Fresh thallus of lichen species C. olivetorum (Figure 2a) producing olivetoric acid under natural condition was collected from the Himalayan region of Chamoli District of Uttarakhand State, India. GPS coordinates were N 30°31′08.83″ E 79°34′03.95″ and the elevation was 2911 m. Collected lichen species was identified by morphological, anatomical, and chemical analysis, with medullary reactions as K−, C + pink, P− as well as with routinely used standardized procedure of thin-layer chromatography (TLC) (Culberson & Kristinsson, 1972; Elix, 2014). A part of the lichen material used for the study has been preserved as dry specimen (Voucher no. 11-017408) at the Lichen Herbarium (LWG) of National Botanical Research Institute (CSIR), Lucknow, India.

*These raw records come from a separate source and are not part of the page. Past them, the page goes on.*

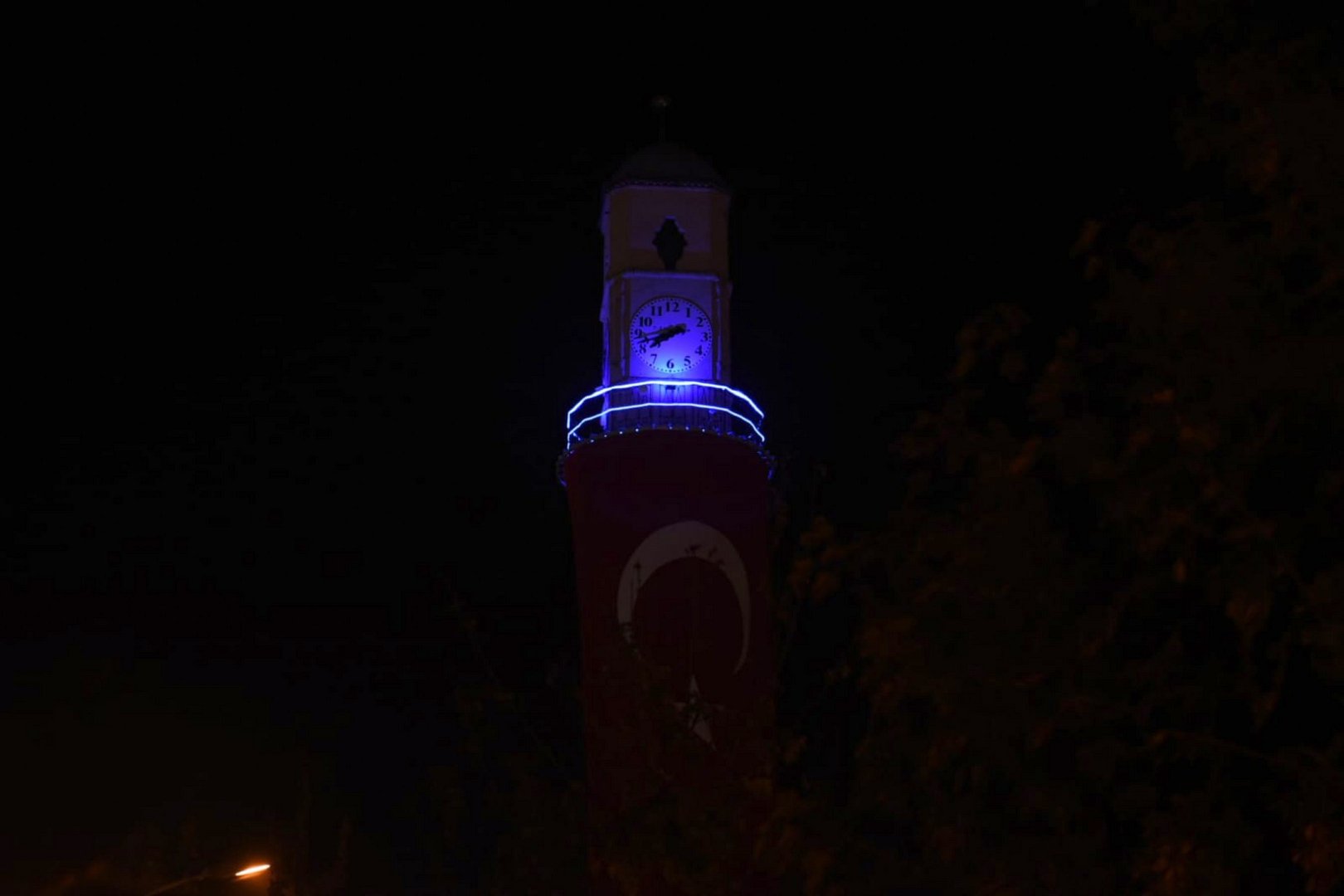 Saat Kulesi mavi renk ile ışıklandırıldı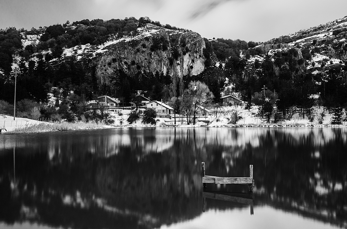 Immagine gradevole, impreziosita da un b&n molto deciso. Personalmente avrei utilizzato una focale leggermente più corta o in alternativa fatto qualche passo indietro per includere per intero i riflessi delle montagne. _________________ Riccardo Bruno |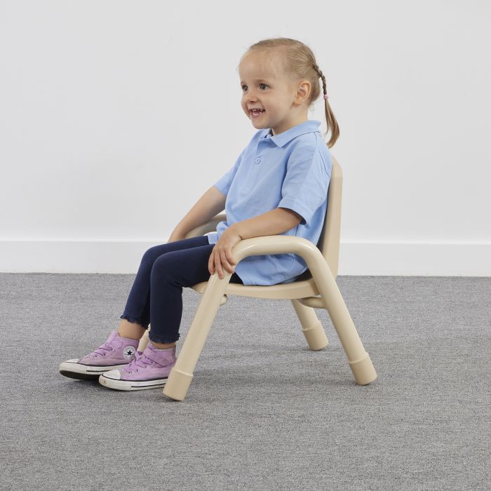 The plastic moulded one-piece ergonomic seat and back are designed for correct seating posture and have plastic feet to prevent slipping and scratching.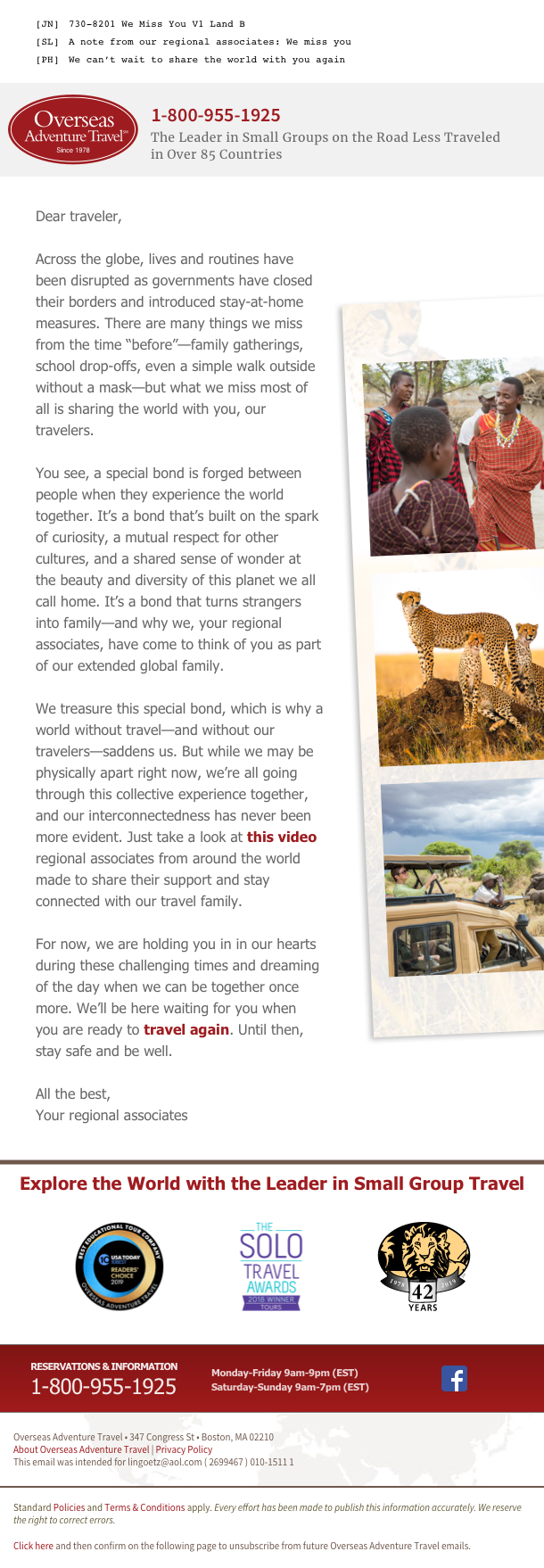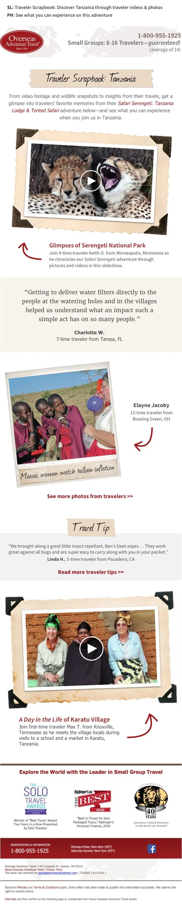 EmailA selection of marketing emails for Overseas Adventure Travel. Slide 1 Slide 1 (current slide) Slide 2 Slide 2 (current slide) Slide 3 Slide 3 (current slide) Slide 4 Slide 4 (current slide) Slide 5 Slide 5 (current slide) Slide 6 Slide 6 (current slide) Slide 7 Slide 7 (current slide) Slide 8 Slide 8 (current slide) Slide 9 Slide 9 (current slide) Slide 10 Slide 10 (current slide)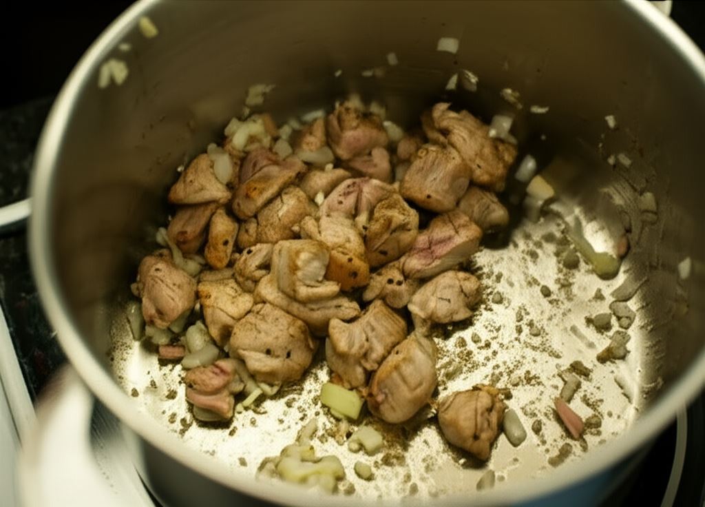 Obsmażaj kawałki mięsa na rozgrzanym tłuszczu w garnku. Smaż do momentu, aż się zarumienią. Wrzuć cebulę pokrojoną w kostkę oraz posiekany czosnek. Podsmaż wszystko jeszcze przez chwilę. Wlej 700 ml zimnej wody.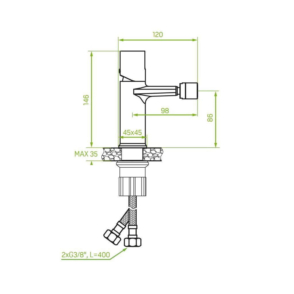 - Lungimea furtunurilor de conectare: 400 mm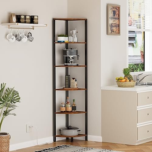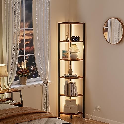 Furnulem 6 Tier Corner Shelf with LED Light, 67.5” Tall Standing Shelf Organizer, Narrow Bookshelf with Storage Rack for Wall Corner, Living Room, Bedroom, Metal Frame, Wood Display Shelf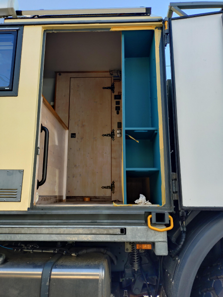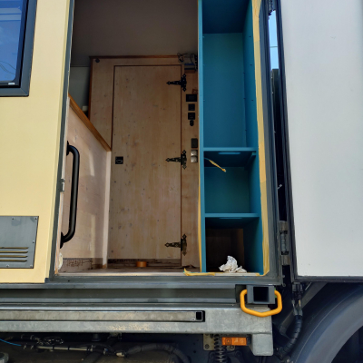 | Ehemaliger Werkstattaufbau aus Schweizer Armeebeständen komplett überholt und dann innen ausgebaut und mit Fenster und Klappen bestückt. Metalleinlagen in Wänden zum Teil wieder benutzt für Befestigungen. Dach komplett vom Gelcoat befreit und neu mit Epoxydlaminaten aufgebaut. Dickschicht Epoxydgrundierung Epifanes rundum und mit Epifanes PU DD Lacken endlackiert. Neuer Boden aus 33mm Okoumé-Sperrholz eingebaut. Zu den Wänden hin sauber abgedichtet und Platten auf Grundrahmen verklebt. Am Schluss kommt PVC Klicklaminat eingebaut. Originaleingangstüre wird am Schluss verschlossen bleiben. Federlagerung ohne Festlager jedoch passgenauen Führungen dito Bild von Vorgängerprojekt. Eingangstüre bleibt die Originaltüre. Ist zwar nicht so hoch, dafür breit um innen von Aussen zugänglichem Stauraum seitlich anzubauen. Im Rahmen wird ein ca.70cm breiter und 1m langer Auszug im Bereich der Türe realisiert. | |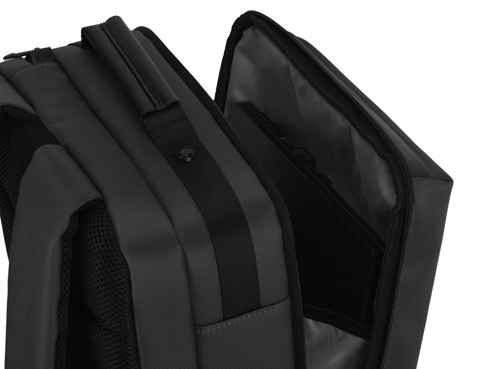 Рюкзак может легко превратится в деловую сумку для командировок, т.к. снабжен дополнительной ручкой для переноски в руке. В комплекте идет съемный металлический шильд под нанесение вашего логотипа.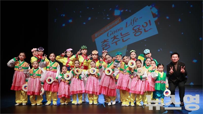 이상일 용인특례시장이 6일 용인시평생학습관 큰어울마당에서 열린 ‘용인시무용아카데미 작품발표회’에서 수강생들과 기념사진 촬영을 하고 있다./사진=용인
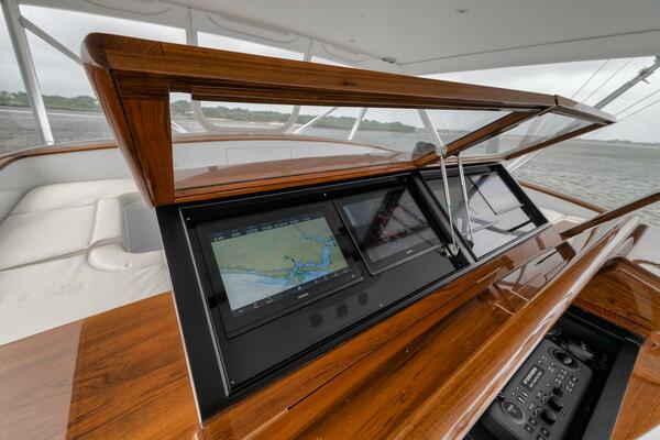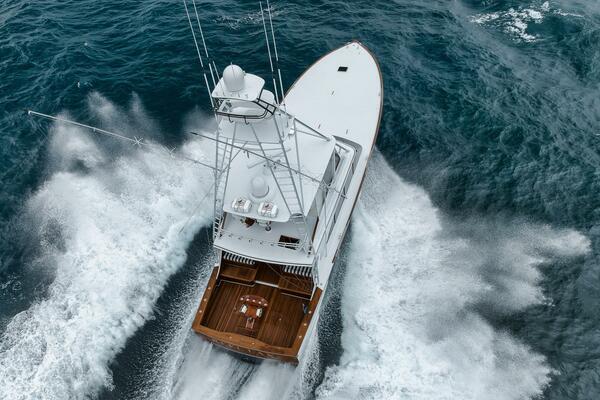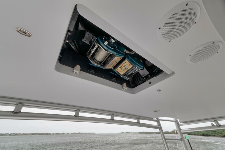 The tower on "Reel Lax" is a finely crafted and highly functional feature, built for serious sportfishing performance while complementing the yacht’s sleek, custom profile. Constructed by a top-tier tower builder—Palm Beach Towers—the structure is lightweight yet rugged, designed to provide excellent visibility and durability in offshore conditions.

Figure 2. (a) Natural thallus of lichen Cetrelia olivetorum; (b) culture of C. olivetorum grown in MS medium; (c) symbionts observed as blue-colored fungal hyphae and dark green algal cells from the same culture.

Microorganisms and media

The microorganisms used in the study for antimicrobial activity of lichen were the clinical isolates of Enterobacter cloacae, Klebsiella pneumoniae, Pseudomonas aeruginosa, Serratia marcescens, Staphylococcus epidermidis, Candida albicans, and obtained from B. J. Medical College, Pune, India. The respective bacterial and fungal cultures were maintained on the recommended Nutrient Agar and Sabourad Dextrose Agar medium, respectively, and were stored at 4 °C.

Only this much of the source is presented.